**Exercise:** Every line in the records below that holds "children" must be identified and copied.

**Data records:**
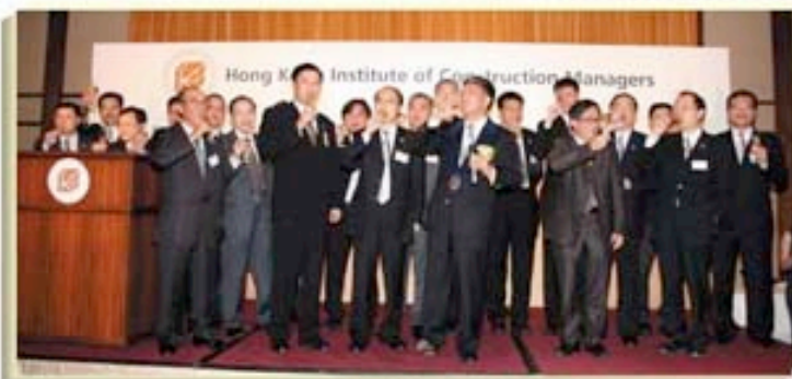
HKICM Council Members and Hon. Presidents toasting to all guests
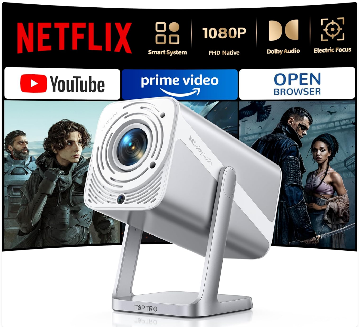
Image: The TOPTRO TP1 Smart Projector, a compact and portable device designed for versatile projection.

* * *

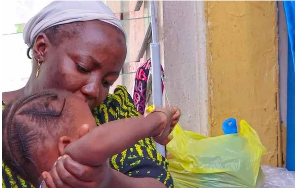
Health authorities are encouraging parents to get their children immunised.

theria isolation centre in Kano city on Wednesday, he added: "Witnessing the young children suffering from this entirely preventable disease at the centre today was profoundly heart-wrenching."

**Solution to the exercise:**
Health authorities are encouraging parents to get their children immunised.
theria isolation centre in Kano city on Wednesday, he added: "Witnessing the young children suffering from this entirely preventable disease at the centre today was profoundly heart-wrenching."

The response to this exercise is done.